Assignment — Make an exact copy of the records, with the images left out.

··· Data to use

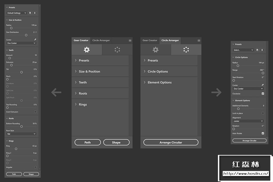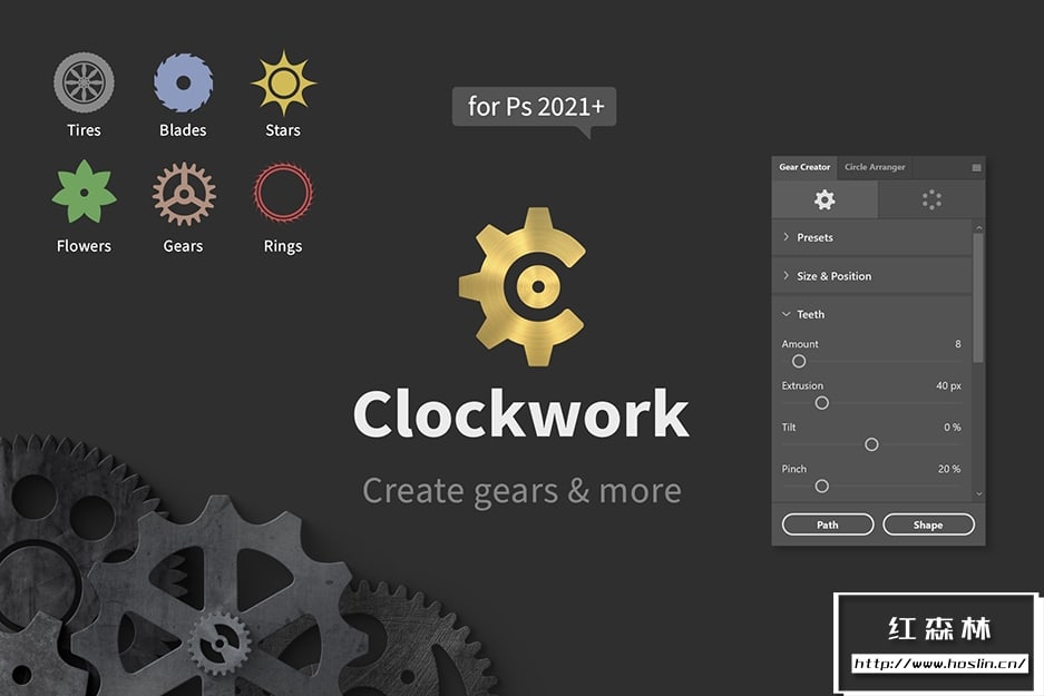 Clockwork 可让您轻松构建复杂的圆形设计和形状!该插件提供了许多设置,可让您控制生成的形状的每个小细节,同时在拖动滑块时为您提供即时的视觉反馈。它包括两个面板 – 齿轮创建器和圆形排列器 – 彼此完美互补,并且可以通过选项卡导航轻松访问。
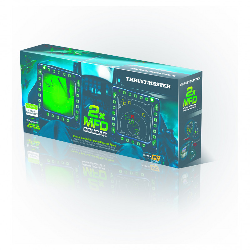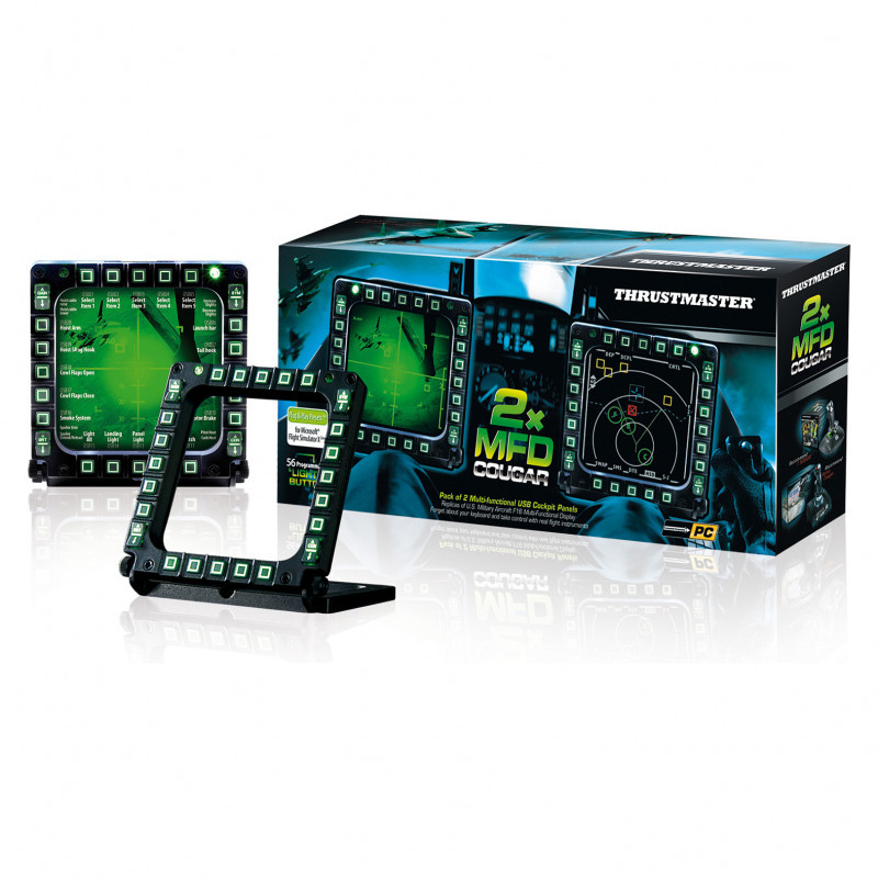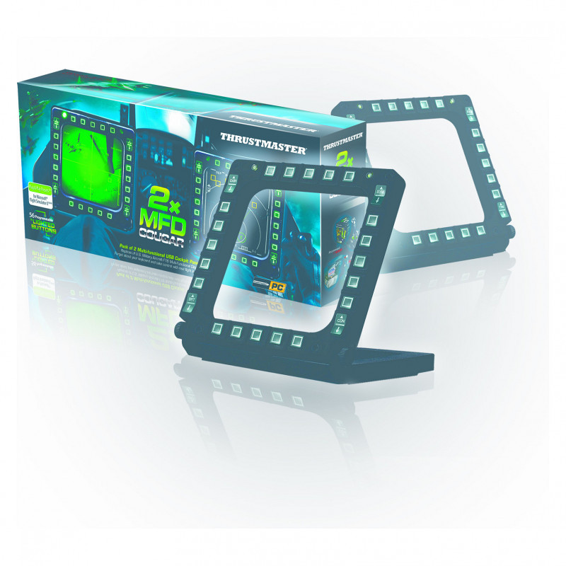 "Thrustmaster MFD Cougar Pack. Device type: Joystick, Gaming platforms supported: PC. Connectivity technology: Wired. Product colour: Black. Power source: Cable. Package width: 330 mm, Package depth: 65 mm, Package height: 150 mm"\n"Pack of 2 multifunctional ""USB Cockpit Panels"", replicas of the U.S. Air Force F-16 MFD*.
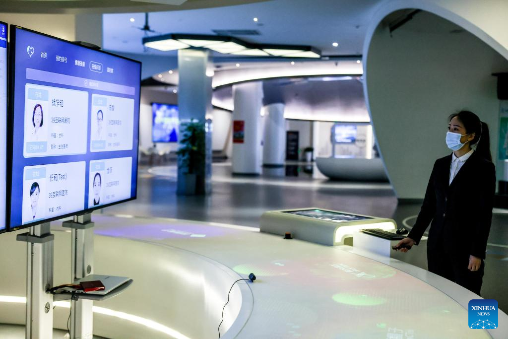 A staff member demonstrates an online diagnosis and treatment system at the exhibition center of the national big data (Guizhou) comprehensive pilot zone in southwest China's Guizhou Province, May 26, 2022. The China International Big Data Industry Expo 2022 opened online on Thursday.
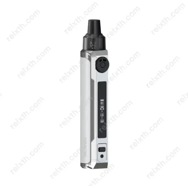 Smok RPM 25W บุหรี่ไฟฟ้าประเภทพอตจากแบรนด์ดังอย่าง Smok เป็นพอตไฟฟ้าที่เรียบง่าย ไม่หวือหวา แต่กลับมีประสิทธิภาพการใช้งานที่ตอบโจทย์สำหรับนักสูบมากๆ เพราะแน่นอนว่านักสูบที่ใช้พอตจะไม่ต้องได้การฟังก์ชั่นมากมาย ซึ่งพอตตัวนี้ให้ได้ในทุกๆสิ่งที่ต้องการ มีขนาดที่เล็ก จับได้ถนัดมือ น้ำหนักเบา จ่ายไฟด้วยระบบอัตโนมัติ สูงสุดที่ 25W ปรับรูลมได้ที่ด้านบนของตัวเครื่อง มีแบตเตอรี่แบบติดตั้งมาในตัวขนาด 900mAh ใช้พอร์ตชาร์จแบบ USB Type-C หน้าจอแสดงผลแบบ LED ขนาด 0.96นิ้ว หัวพอตใช้แบบตรงรุ่น บรรจุน้ำยาบุหรี่ไฟฟ้าได้ 2ml. เป็นระบบการเติมที่ด้านข้าง รองรับคอยล์ LP1 ขนาด 0.9 โอห์ม ให้ฟิลสูบแบบ MTL แนะนำให้ใช้งานกับน้ำยาบุหรี่ไฟฟ้าแบบซอลนิค
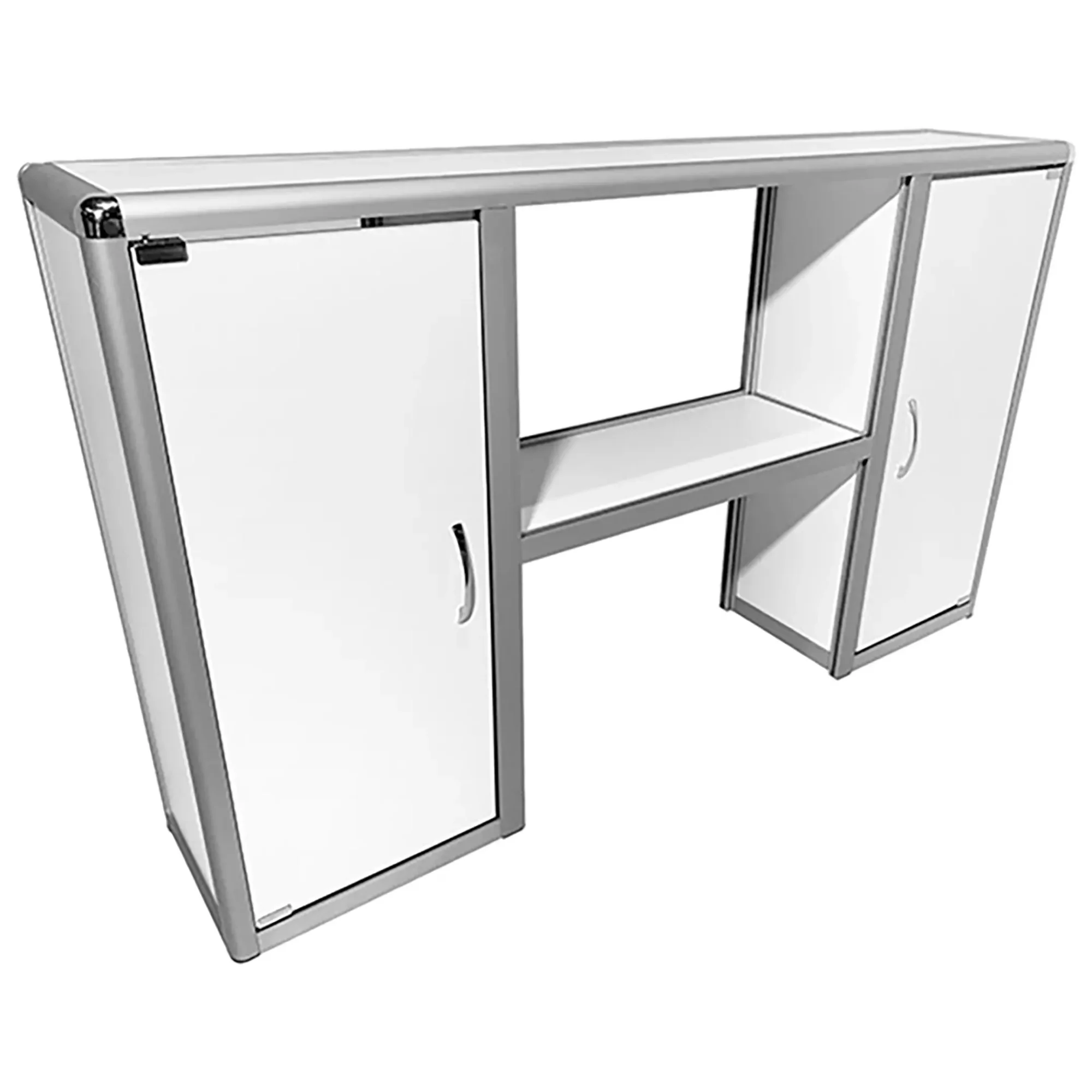 - Функциональная организация пространства — две полки и две боковые тумбы с распашными дверцами для удобного хранения лабораторного инвентаря.
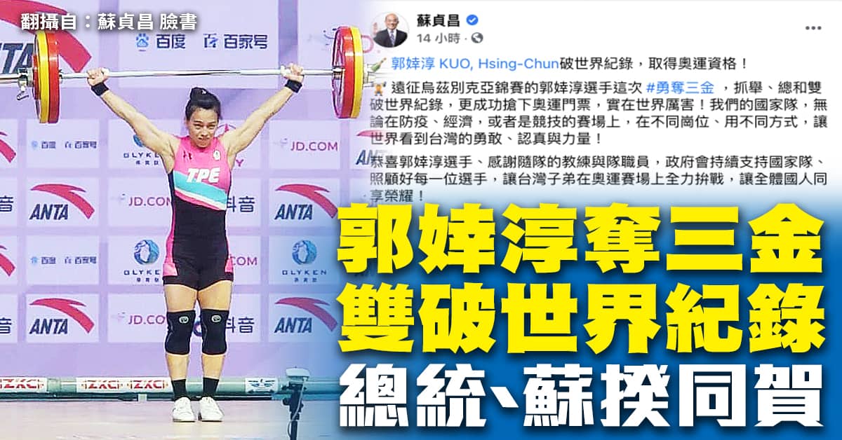 【新唐人亞太台 2021 年 04 月 20 日訊】台灣舉重好手郭婞淳19日在亞洲舉重錦標賽,以抓舉110公斤、挺舉137公斤、總和247公斤,一舉奪下3金,且雙破世界紀錄。對此,總統蔡英文和行政院長蘇貞昌也都發文恭喜。蔡英文說,要恭喜郭婞淳經過苦練,達成了史無前例的成就,舉重亞錦賽還在進行,請國人繼續為出賽的國手們加油!蘇貞昌說,台灣的國家隊,無論在防疫、經濟,或者是競技的賽場上,在不同崗位、用不同方式,讓世界看到台灣的勇敢、認真與力量!
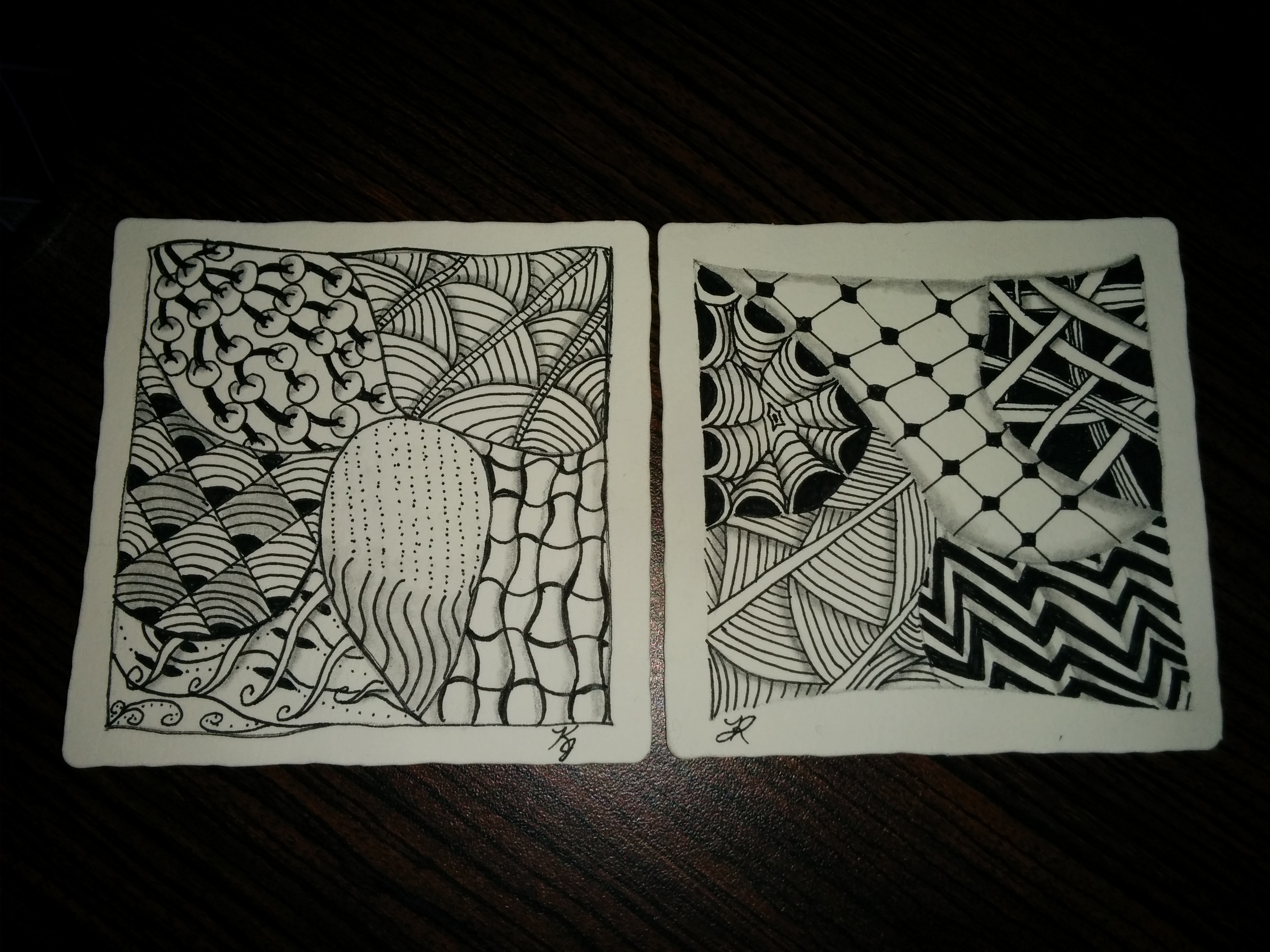 Here are some of my results. The Tangle on the right was my class piece; the one on the left was the one that I did at my desk while on a lengthy phone call with a client.

······

Answer box —
 Clockwork 可让您轻松构建复杂的圆形设计和形状!该插件提供了许多设置,可让您控制生成的形状的每个小细节,同时在拖动滑块时为您提供即时的视觉反馈。它包括两个面板 – 齿轮创建器和圆形排列器 – 彼此完美互补,并且可以通过选项卡导航轻松访问。
 "Thrustmaster MFD Cougar Pack. Device type: Joystick, Gaming platforms supported: PC. Connectivity technology: Wired. Product colour: Black. Power source: Cable. Package width: 330 mm, Package depth: 65 mm, Package height: 150 mm"\n"Pack of 2 multifunctional ""USB Cockpit Panels"", replicas of the U.S. Air Force F-16 MFD*.
 A staff member demonstrates an online diagnosis and treatment system at the exhibition center of the national big data (Guizhou) comprehensive pilot zone in southwest China's Guizhou Province, May 26, 2022. The China International Big Data Industry Expo 2022 opened online on Thursday.
 Smok RPM 25W บุหรี่ไฟฟ้าประเภทพอตจากแบรนด์ดังอย่าง Smok เป็นพอตไฟฟ้าที่เรียบง่าย ไม่หวือหวา แต่กลับมีประสิทธิภาพการใช้งานที่ตอบโจทย์สำหรับนักสูบมากๆ เพราะแน่นอนว่านักสูบที่ใช้พอตจะไม่ต้องได้การฟังก์ชั่นมากมาย ซึ่งพอตตัวนี้ให้ได้ในทุกๆสิ่งที่ต้องการ มีขนาดที่เล็ก จับได้ถนัดมือ น้ำหนักเบา จ่ายไฟด้วยระบบอัตโนมัติ สูงสุดที่ 25W ปรับรูลมได้ที่ด้านบนของตัวเครื่อง มีแบตเตอรี่แบบติดตั้งมาในตัวขนาด 900mAh ใช้พอร์ตชาร์จแบบ USB Type-C หน้าจอแสดงผลแบบ LED ขนาด 0.96นิ้ว หัวพอตใช้แบบตรงรุ่น บรรจุน้ำยาบุหรี่ไฟฟ้าได้ 2ml. เป็นระบบการเติมที่ด้านข้าง รองรับคอยล์ LP1 ขนาด 0.9 โอห์ม ให้ฟิลสูบแบบ MTL แนะนำให้ใช้งานกับน้ำยาบุหรี่ไฟฟ้าแบบซอลนิค
 - Функциональная организация пространства — две полки и две боковые тумбы с распашными дверцами для удобного хранения лабораторного инвентаря.
 【新唐人亞太台 2021 年 04 月 20 日訊】台灣舉重好手郭婞淳19日在亞洲舉重錦標賽,以抓舉110公斤、挺舉137公斤、總和247公斤,一舉奪下3金,且雙破世界紀錄。對此,總統蔡英文和行政院長蘇貞昌也都發文恭喜。蔡英文說,要恭喜郭婞淳經過苦練,達成了史無前例的成就,舉重亞錦賽還在進行,請國人繼續為出賽的國手們加油!蘇貞昌說,台灣的國家隊,無論在防疫、經濟,或者是競技的賽場上,在不同崗位、用不同方式,讓世界看到台灣的勇敢、認真與力量!
 Here are some of my results. The Tangle on the right was my class piece; the one on the left was the one that I did at my desk while on a lengthy phone call with a client.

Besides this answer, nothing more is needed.